- Directed by: Varis Brasla
- Written by: Alvis Lapiņš (writer) Astrid Lindgren (novel "Än lever Emil i Lönneberga")
- Starring: Māris Zonnenbergs-Zambergs Madara Dišlere Dace Eversa Uldis Dumpis Diāna Zande
- Cinematography: Dāvis Sīmanis
- Edited by: Signe Šķila
- Music by: Imants Kalniņš
- Distributed by: Riga Film Studio
- Release date: 1985;
- Running time: 67 minutes
- Country: Soviet Union
- Languages: Latvian, Russian

= Emil's Mischiefs =

1985 film by Varis Brasla

Emil's Mischiefs (Emīla nedarbi) is a 1985 Soviet-era Latvian TV-film about the Astrid Lindgren character, Emil i Lönneberga. It was produced by Riga Film Studio.

The film was awarded the Latvian National Film Prize Lielais Kristaps in 1985.

==Plot==
Young Emil lives with his parents and younger sister on a small farm. In his parents' eyes, he is a terrible troublemaker, and his father has started to dread Emil's next mischievous idea, keeping him away from important tasks whenever possible.

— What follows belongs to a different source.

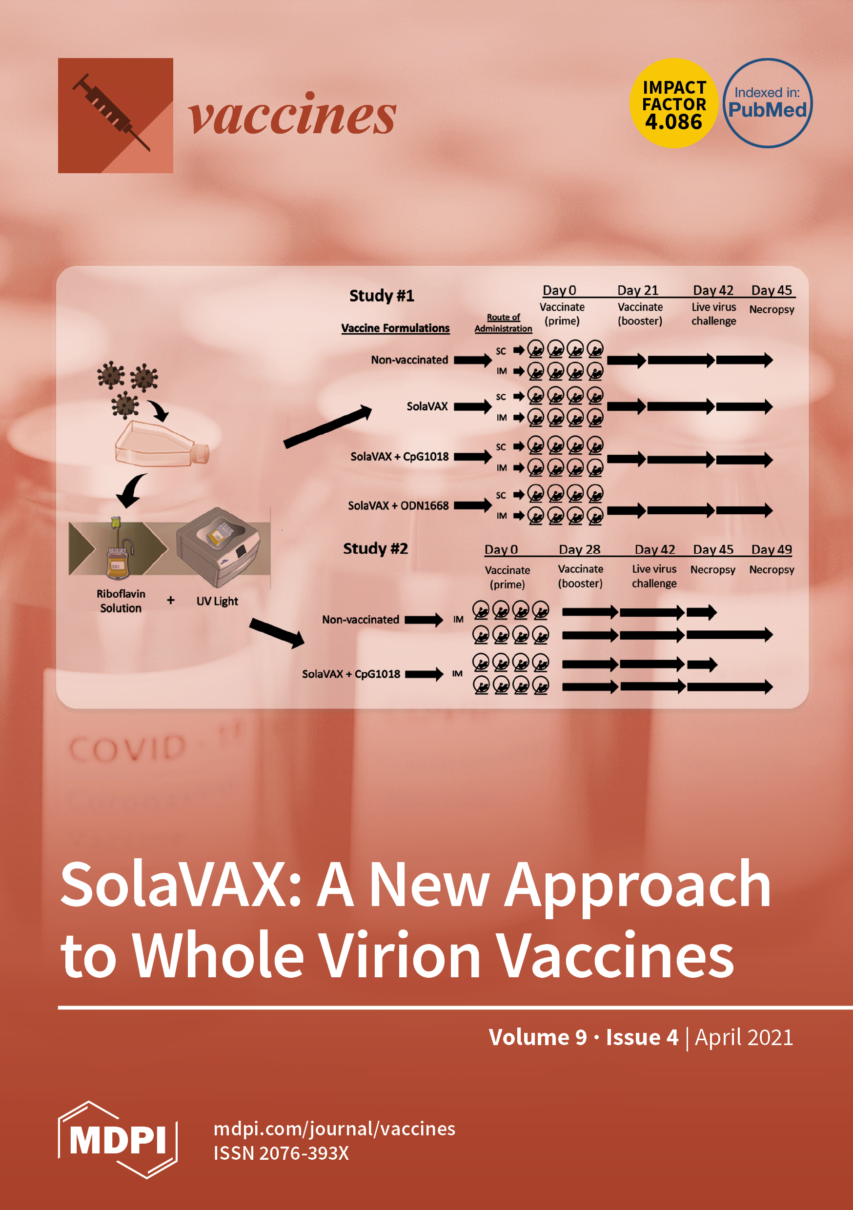 Cover Story: We report on the use of a novel method (SolaVAX) for production of an inactivated vaccine candidate and the testing of that candidate in a well-characterized hamster model for its ability to prevent infection upon challenge with SARS-CoV-2 virus. The results from this preliminary evaluation provide insight into the immunological responses that occur following vaccination and the outcomes of vaccine efficacy and protection against infection following challenges with live SARS-CoV-2. These data may have utility in the development of effective vaccine candidates against emerging viral pathogens. Furthermore, the results of this preliminary evaluation suggest that preparation of a whole virion vaccine for COVID-19 using this specific photochemical method may have potential utility in the preparation of one such vaccine candidate. View this paper.

Emil's past escapades include breaking a soup tureen, accidentally trapping his father's finger in a rat trap, a botched attempt to pull out the maid Lina's tooth, and shattering Frau Petrell's dining room window. Despite his mischief, it is Emil's bold spirit that enables him to outsmart the greedy, harsh matron of the local shelter. On his birthday, he even manages to organize a lively celebration for the elderly residents, bringing them joy and laughter.